When I first had a look at the wrapper Boolean data type in Java a funny thought came to my mind about the tri-state nature of a boolean (Why null becomes a possible value?). Later applied the thought to any other data type which is nullable and got funny analogies. Since Object Oriented Programming was related directly to real world, I came up with the following analogy.
Every morning you get your newspaper delivered at your doorstep. The paper boy rings the bell and leaves the paper at your doorstep. Let us assume that the door bell is the function call and newspaper is the object you receive. What happens if you wont get the newspaper delivered?; quite obvious, the paper boy either won’t arrive or will come to your doorstep and communicate why the paper is not delivered.
What would happen if instead of the above scenario the paper boy arrives at your doorstep and delivers a null newspaper? You must receive the newspaper & assert that it is not null and decide to do some other activity, else your day ends abruptly because a null pointer is thrown when you tried to read the newspaper. Now let us not limit this to just newspaper, what about the need to worry about nulls every where? Would not you be driven crazy that you will have to worry about null mails, null phone calls, null water bottles?
This is what happens with many Java programmers where there is some point in their life they had dealt with a sticky, messy null pointer exception caused by some one who had made use of null for a boolean as a logic flow alternative to the true and false state. More worse is the SQL boolean data type having unknown and null as possible values.

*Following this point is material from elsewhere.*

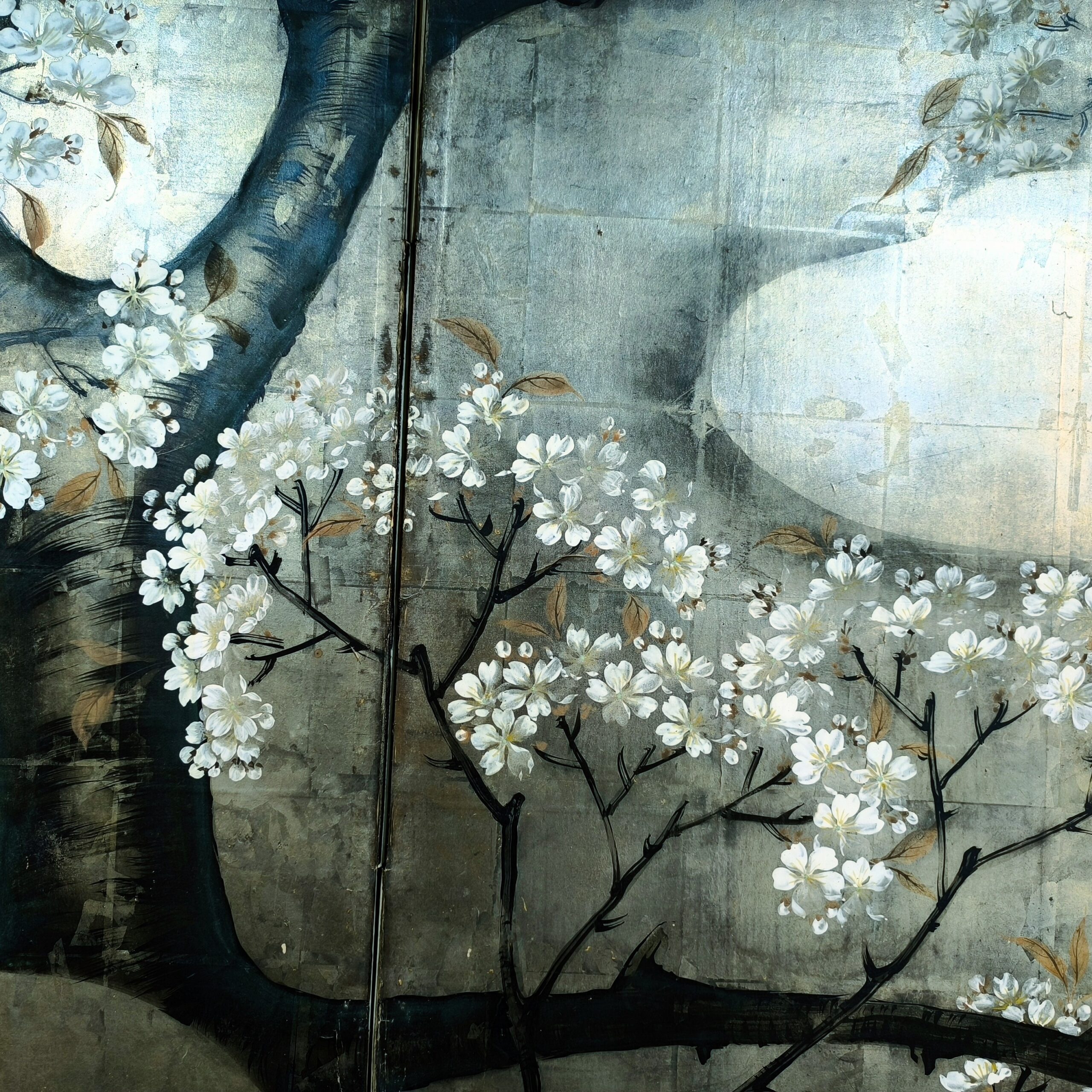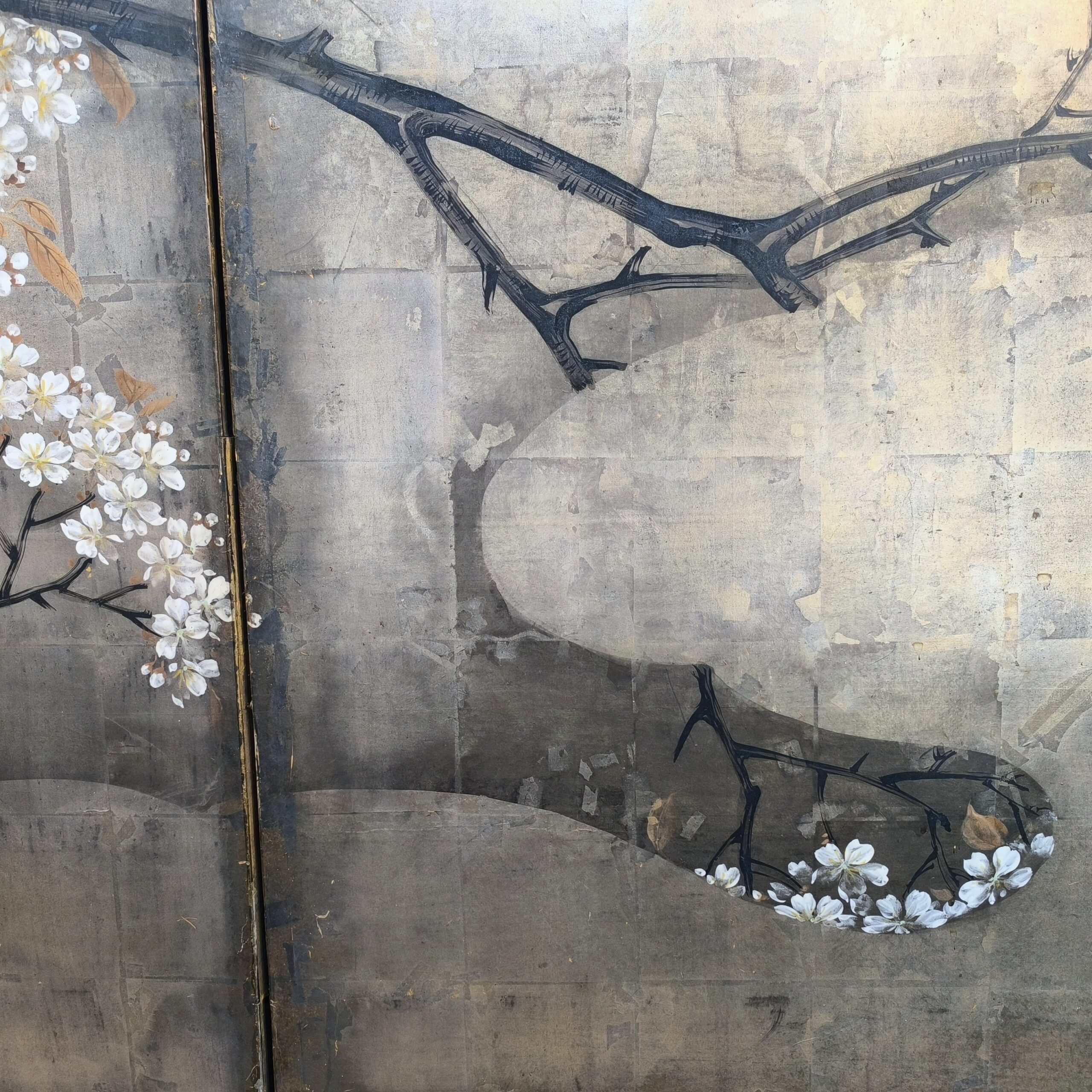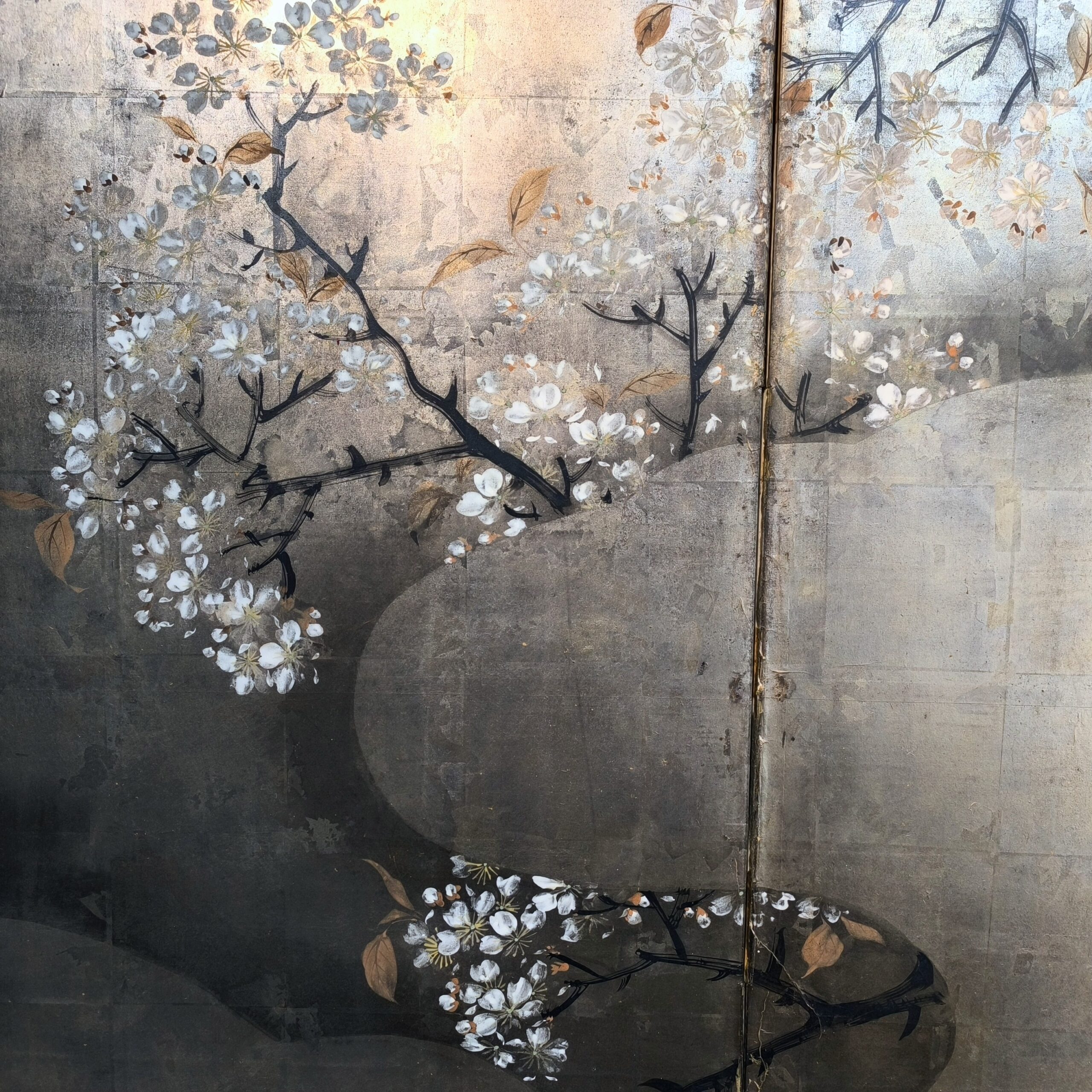 japanese antique Six hold paper screen paited in ink and color on a silver ground with cherry blossom

So much of code has been written with guard clauses to prevent these nasty null pointer exceptions from getting in and eventually cost 3 extra lines of code in almost all critical business logic methods. Lately I have seen a positive trend among peers in the way we treat nulls. I have seen many consiously avoiding nulls and replacing them with empty objects, Null object pattern or special instances to handle ambiguities. When we move to newer (I would say newly adopted) languages I believe null will cease to exist.